Database of Abstracts of Reviews of Effects (DARE): Quality-assessed Reviews [Internet].
Show detailsAuthors' objectives
To determine the accuracy of magnetic resonance angiography (MRA) with and without gadolinium enhancement for the diagnosis of renal artery stenosis (RAS), with catheter angiography as the reference.
Searching
MEDLINE (via PubMed) was searched from 1985 to 2001 for English language studies; the keywords were stated. The reference lists of identified studies were also checked for additional relevant articles. Abstracts and unpublished data were excluded.
Study selection
Study designs of evaluations included in the review
Diagnostic accuracy studies with a blinded comparison of the index test and reference standard were eligible for inclusion. The time between the index and reference standard had to be less than 3 months.
Specific interventions included in the review
Studies that investigated MRA for the diagnosis of RAS, and that had clear descriptions of imaging techniques, were eligible for inclusion. The tests included in the non-enhanced MRA studies were two-dimensional (2D) time-of-flight (TOM), 2D phase contrast with 2D TOM, three-dimensional (3D) TOM, 2D TOM breath hold, 3D phase contrast, 3D TOM with phase contrast, 3D tilted optimised non-saturating excitation, breath-hold gradient echo, selective inversion recovery, rapid gradient echo, and phase contrast cine. Gadolinium-enhanced MRA techniques included 3D spoiled gradient echo (SPGR), fast SPGR, 3D SPGR breath-hold, 3D MRA breath-hold, 3D fast imaging with low angle shot (FLASH), 3D FLASH breath-hold, and gradient echo. The diagnostic cut-off point was detection of greater than 50% stenosis.
Reference standard test against which the new test was compared
The authors stated that studies comparing MRA with catheter arteriography, using intra-aortic injection with at least two projections, were eligible for inclusion. However, in the included studies, intravenous digital subtraction angiography was used as the reference standard in 21 patients, and surgical findings were used in 4 patients; catheter arteriography was used in all other patients. The diagnostic threshold was the detection of greater than 50% stenosis.
Participants included in the review
Studies of patients with suspected RAS were eligible for inclusion. The included studies were required to state the indication for arteriography. All of the patients in the included studies were investigated for suspected RAS. Some had symptoms of peripheral vascular disease, and eight were being investigated prior to renal donation. The mean ages of the patients in the gadolinium-enhanced and non-enhanced groups were 62 and 59 years, respectively.
Outcomes assessed in the review
The authors did not state any inclusion or exclusion criteria relating to the outcomes. 2x2 Data were reported for the included studies.
How were decisions on the relevance of primary studies made?
Two investigators independently assessed studies for inclusion. Consensus was reached, based on the predetermined inclusion and exclusion criteria.
Assessment of study quality
The authors did not state that they assessed validity.
Data extraction
The authors did not state how the data were extracted for the review, or how many reviewers performed the data extraction.

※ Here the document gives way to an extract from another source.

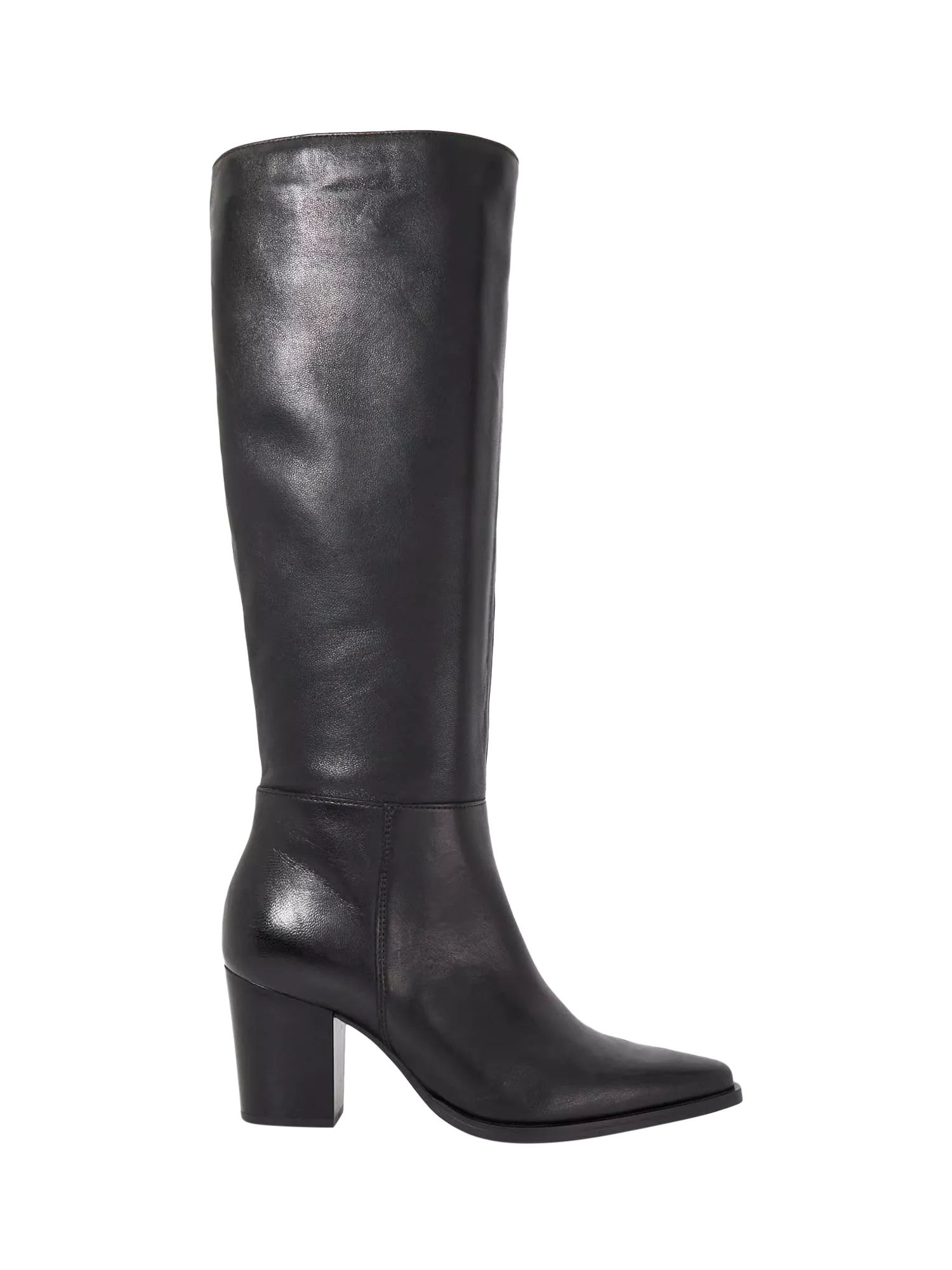 Leather knee-high boots featuring a 7.5cm block heel, pointed toe, and easy zip fastening. Smartly designed for comfort, they add confidence to every stride while keeping practicality at the forefront.

The data extracted for both MRA and catheter arteriography were the numbers of arteries with greater than 50% stenosis and less than or equal to 50% stenosis, the number of main and accessory renal arteries visualised, and the number of occluded main arteries. The mean age of the participants, indications for imaging and imaging failures were also extracted.
Methods of synthesis
How were the studies combined?
The number of false positives, false negatives, true positives and true negatives for each study that used non-enhanced MRA were added to calculate a total number of false positives, false negatives, true positives and true negatives for that group. The same was done for the group of studies that used gadolinium-enhanced MRA. It seems that these totals were then used to calculate overall specificity, sensitivity, positive predictive values and negative predictive values for each of the two groups.
How were differences between studies investigated?
Heterogeneity was assessed using Breslow and Day's test. The chi-squared test was used to assess differences between non-enhanced and gadolinium-enhanced groups. A subgroup analysis, which separated studies that used consecutive patient recruitment from those that did not, was performed and the total sensitivity, specificity, and positive and negative predictive values were calculated for each of the subgroups.
Results of the review
Twenty-five diagnostic accuracy studies, with a total of 923 patients, were included in the review.
Non-enhanced MRA detected 49% of the accessory arteries demonstrated by angiography. The sensitivity and specificity of non-enhanced MRA were 94% (95% confidence interval, CI: 90, 97) and 85% (95% CI: 82, 87), respectively.
Gadolinium-enhanced MRA detected 82% of the accessory arteries demonstrated by angiography. The sensitivity and specificity of gadolinium-enhanced MRA were 97% (95% CI: 93, 98) and 93% (95% CI: 91, 95), respectively.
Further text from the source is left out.